2014-09-08 07:07:19: d:..\..\..\..\trunk\modules\CheckExternalScripts\CheckExternalScripts.cpp:249: Command line: cmd /c echo scripts\check_exchange_mailflow.ps1 "exch-mb3" "15" "20"; exit($lastexitcode) | powershell.exe -command -
2014-09-08 07:07:52: d:D:\source\nscp\trunk\include\nrpe/server/protocol.hpp:66: Accepting connection from: 168.141.2.23
2014-09-08 07:07:56: d:..\..\..\trunk\service\NSClient++.cpp:985: Result check_exchange_mailflow: OK
2014-09-08 07:07:56: e:D:\source\nscp\trunk\include\socket/connection.hpp:146: Failed to send data: The file handle supplied is not valid

And here's what Nagios reports:

Code: Select all

2014-09-08 08:11:22SERVICE ALERT: exch-mb3;Exchange Mailbox Test;OK;SOFT;2;exch-mb3 Mailbox OK.

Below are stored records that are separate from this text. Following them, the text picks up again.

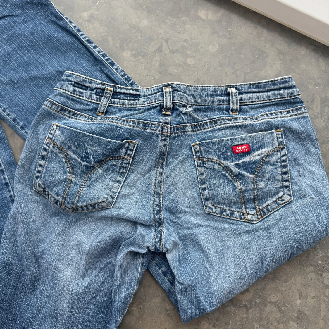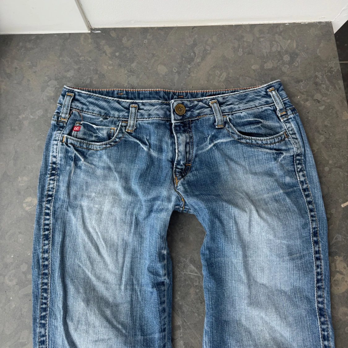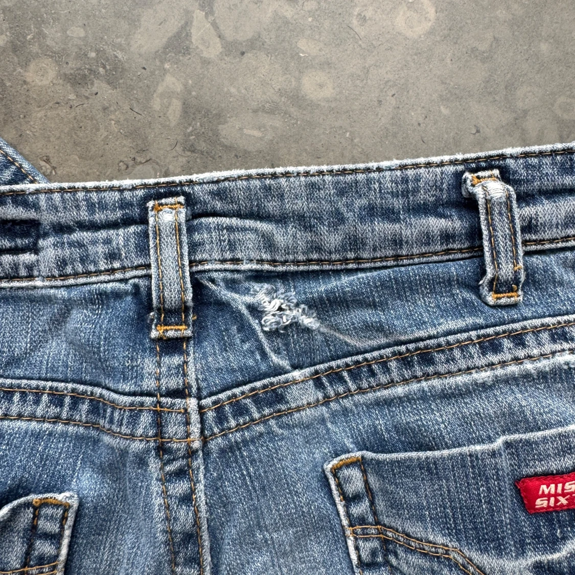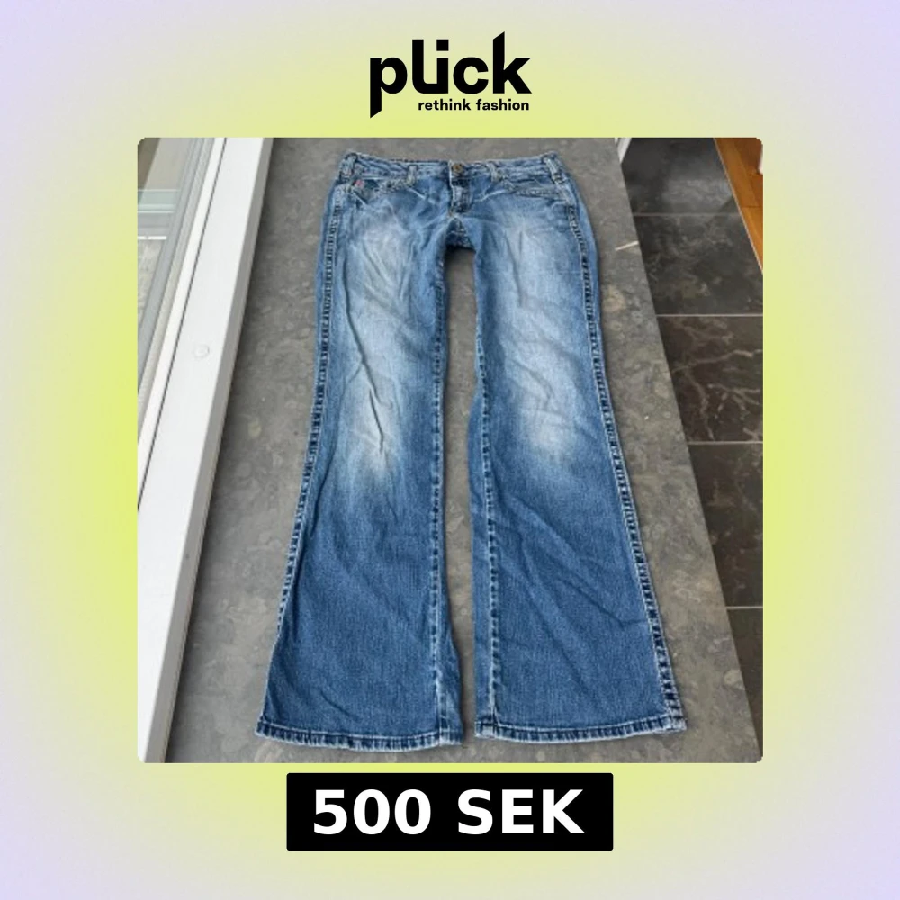 Endast intressekoll‼️Midjemått tvärsöver: 41,5cm Midjehöjd: 20cm Inerbens längd: 79cm. Jeans är välanvända och tyget är slitet och tunt mellan benen, men fortfarande i ganska bra skick. Finns ett litet hål, se sista bild💕
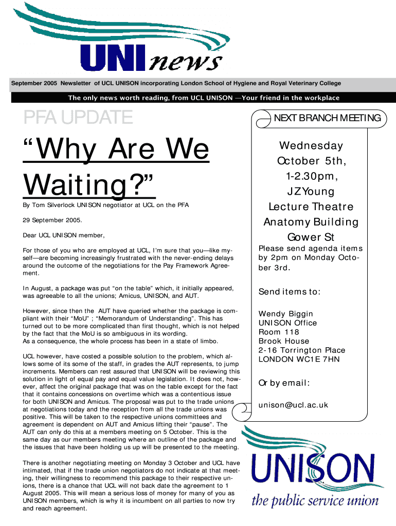 September 2005 Newsletter of UCL UNISON incorporating London School of Hygiene and Royal Veterinary College The only news worth reading, from UCL UNISON Your friend in the workplace PFA UPDATE Why
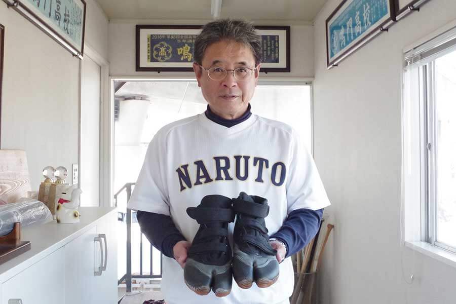 足袋型シューズを手に持つ鳴門・森脇稔監督【写真:喜岡桜】
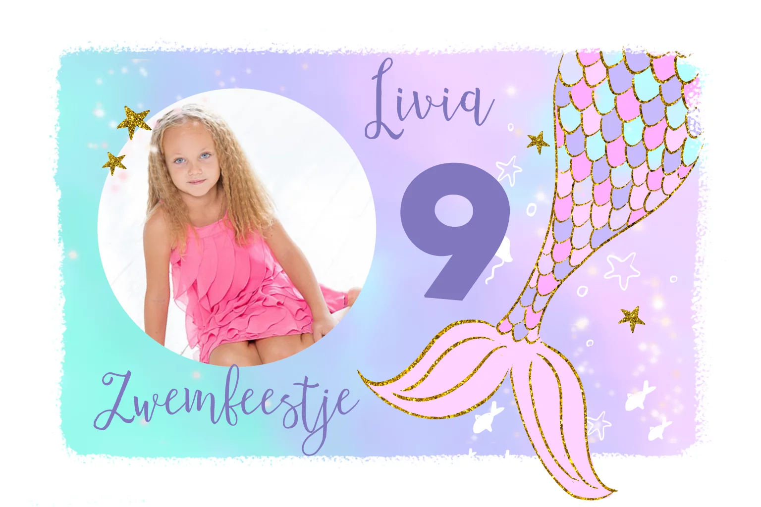 Een mooie uitnodiging voor een zwemfeestje, met zeemeerminnenstaart, foto en glitterlook. Vervang zelf de foto en pas de teksten aan. (23291)
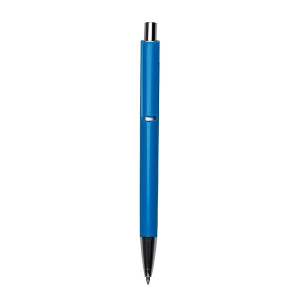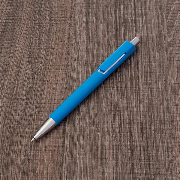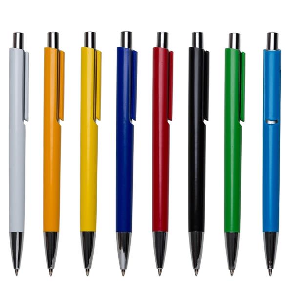 Caneta plástica inteira colorida com detalhes prata. Clip plástico com detalhe vazado e ponteira prata. Aciona por clique. Medidas aproximadas para gravação (CxL): 4 cm x 0,7 cm Tamanho total aproximado (CxL): 14,1 cm x 1,5 cm Peso aproximado (g): 9
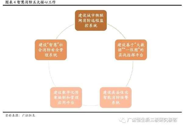 《關(guān)于全面推進(jìn)“智慧消防”建設(shè)的指導(dǎo)意見》明確指出智慧消防工作的核心內(nèi)容:1、建設(shè)城市物聯(lián)網(wǎng)消防遠(yuǎn)程監(jiān)控系統(tǒng);2、建設(shè)基于“大數(shù)據(jù)”“一張圖”的實(shí)戰(zhàn)指揮平臺;3、建設(shè)高層住宅智能消防預(yù)警系統(tǒng);4、建設(shè)數(shù)字化預(yù)案編制和管理應(yīng)用平臺;5、建設(shè)“智慧”社會消防安全管理系統(tǒng)。該意見要求綜合運(yùn)用物聯(lián)網(wǎng)、云計(jì)算、大數(shù)據(jù)、移動互聯(lián)網(wǎng)等新興信息技術(shù),加速“智慧消防”建設(shè),全面推進(jìn)信息化與消防業(yè)務(wù)工作的深度融合,構(gòu)建立體、全覆蓋的社會火災(zāi)防控體系,打造符合實(shí)戰(zhàn)要求的現(xiàn)代消防警務(wù)勤務(wù)機(jī)制,提供有力支撐,全面提升社會火災(zāi)防控能力、不對滅火應(yīng)急救援能力和隊(duì)伍管理水平,實(shí)現(xiàn)“傳統(tǒng)消防”向“現(xiàn)代消防”的轉(zhuǎn)變。

2014-09-08 08:10:52SERVICE ALERT: exch-mb3;Exchange Mailbox Test;CRITICAL;SOFT;1;CHECK_NRPE: Socket timeout after 30 seconds.

2014-09-08 07:40:32SERVICE ALERT: exch-mb3;Exchange Mailbox Test;OK;SOFT;2;exch-mb3 Mailbox OK.

2014-09-08 07:38:52SERVICE ALERT: exch-mb3;Exchange Mailbox Test;CRITICAL;SOFT;1;CHECK_NRPE: Socket timeout after 30 seconds.

2014-09-08 07:08:22SERVICE ALERT: exch-mb3;Exchange Mailbox Test;OK;SOFT;2;exch-mb3 Mailbox OK.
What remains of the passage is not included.